TensorFlow with Horovod
TensorFlow is a software framework providing an API to express numerical computations using data flow graphs. It also provides an implementation to run those computations on a broad array of platforms, from mobile devices to large systems with heterogeneous environments. While usable in a variety of scientific domains, it is mainly intended for the development of machine-learning (ML) models, with a focus on deep neural networks. The development of TensorFlow was started internally at Google Inc., and the software was released as open source in November 2015.
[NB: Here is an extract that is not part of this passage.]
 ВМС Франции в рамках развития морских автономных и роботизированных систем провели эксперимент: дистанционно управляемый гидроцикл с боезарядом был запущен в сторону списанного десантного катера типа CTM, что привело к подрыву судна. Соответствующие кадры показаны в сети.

Horovod is a framework developed by Uber Technologies Inc. to perform distributed training of deep neural networks on top of another ML framework, like TensorFlow, Keras, or PyTorch. Notably, it allows to replace TensorFlow's own parameter server architecture for distributed training with communications based on an MPI model, leveraging ring-allreduce algorithms for improved usability and performance.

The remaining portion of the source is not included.